Who can Fool More of the People for More of the Time

Every four years elections are held to elect a President. However there many fundamentals flaws with the way this process is setup one of which is the unique and mysterious electoral system. I came across an interesting articles this weekend on why the US election may present a good opportunity to buy US stocks. From an article by Rowan Dartington’s Guy Stephens at FE Trustnet:

What marks this US election out as extraordinary is that both candidates already have enough revealed skeletons to fill a cemetery, and the really scary thing is that the victor will lead the most powerful nation in the world.

In most open democracies, neither candidate would have even made the starting blocks. No wonder Jeremy Paxman delivered a documentary the other week asking the question as to how the US electoral system has produced two of the most hated candidates in history.

This is why you cannot rule out Trump because the choice literally is between an apparent sexist bigot and an establishment figure with suspected acts of dishonesty with regard to confidential matters of state. Neither scores highly on the ‘fit to govern’ scale.

One feature that should be at the forefront of many voters’ minds is how that individual will represent the country on the world stage as an international statesman/woman.

However, we are all aware of how introspective the typical US citizen can be and so perhaps it is no surprise that the US voter doesn’t appear reviled like much of the rest of the world.  Arguably, this is where Theresa May scores highly compared to Jeremy Corbyn.

There is also little doubt as to how Angela Merkel of Germany, Francois Hollande of France, Shinzo Abe of Japan and Xi Jinping of China rank in terms of international charismatic leaders.

Regardless of one’s political persuasion the likes of Margaret Thatcher and Tony Blair commanded great respect on the world stage and raised the profile of the UK above our natural ranking. The US electoral system has jettisoned all the worthy alternatives in this area which is odd.
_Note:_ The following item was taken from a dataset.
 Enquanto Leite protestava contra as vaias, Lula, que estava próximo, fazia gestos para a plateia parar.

In many other democracies the voters choose the party and the party members select their leader – in the US the voter is choosing the president based on simplistic measures watered down for the public and it really is a case of who can fool more of the people for more of the time rather than far more complex and unknown issues only fully understood within the walls of Congress.

When US citizens are interviewed as to which way they are going to vote, they say Trump or Clinton, not especially Democrat or Republican. In the UK, we vote for the party and consider their policies, with far less emphasis on the prime minister.
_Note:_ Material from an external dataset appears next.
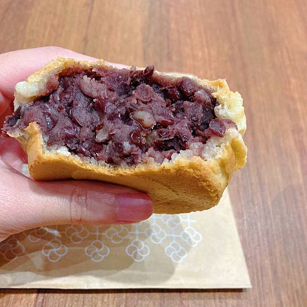紅豆是我最愛的基本款,所以就由他先開始,他實在是厚到很不合理,當下一直在想要怎麼吃,總之就直接咬吧!但不知道是我嘴太小還是他太大,就完全無法一口咬….
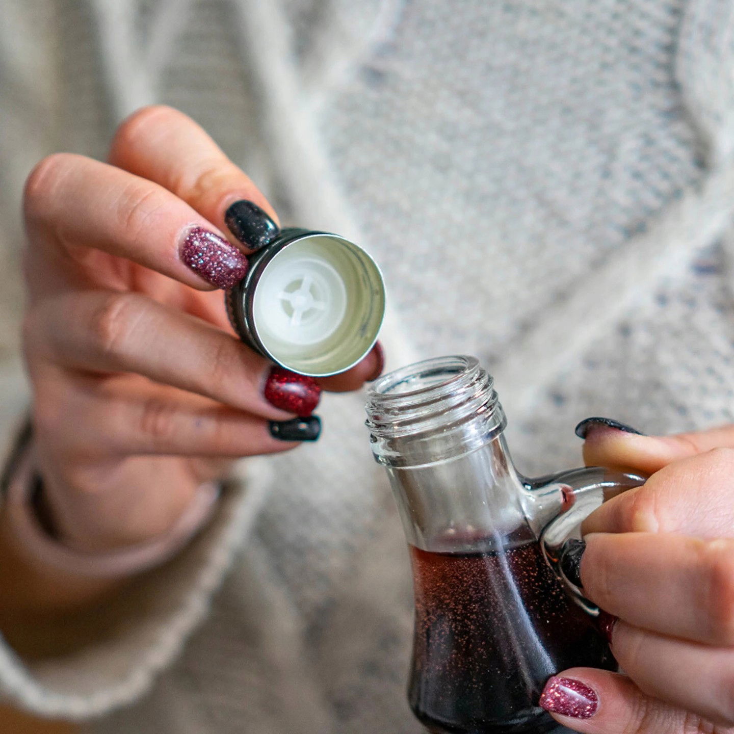 Zakrętka z dozownikiem o wymiarach 31,5 x 24 mm.

Promoting either of these US candidates to this elite club, in the most powerful position on the world state beggars belief and credibility for the US as a nation. An election should be about the party and its policies, not one individual and what a choice!

Source: Why investors will need cash after a Clinton or Trump victory, FE Trustnet

From A tale of two Americas by Varghese K.George at The Hindu:

Three months after Reagan made his Berlin speech, on September 2, 1987, Mr. Trump — then a 41-year-old real estate tycoon — made his first move that could be called political. He took out an advertisement in the New York papers on the “stupidity” of American politicians and spoke to CNN’s Larry King in an interview. What he said proves that what has not changed in the last 30 years are Mr. Trump’s world view, words, and style.

He told Mr. King: “Looking at our own stupidity, other countries are laughing at us. This is a great country. But we have stupid leaders… The country is losing $200 billion a year [in trade deficit]… Japan, Saudi Arabia… these are countries that would be wiped off the face of the earth if it were not for the U.S.A. This country will go bust in a couple of years. Japan and all these countries must pay for protection.” He was asked whether America should protect its trade through protectionist policies or by making its businesses more competitive. “There is no free trade in the world, it is virtually impossible for an American company to go and do business in Japan or Saudi Arabia. In the meantime Japan is coming to this country and buying up all of Manhattan,” he said. He added: “Our farmers are dying, the homeless are all over the streets of our cities… We give so much money to the wealthiest countries of the world, but we can’t take care of our own people — the poor, the sick, homeless, the farmers, those people we are not helping.”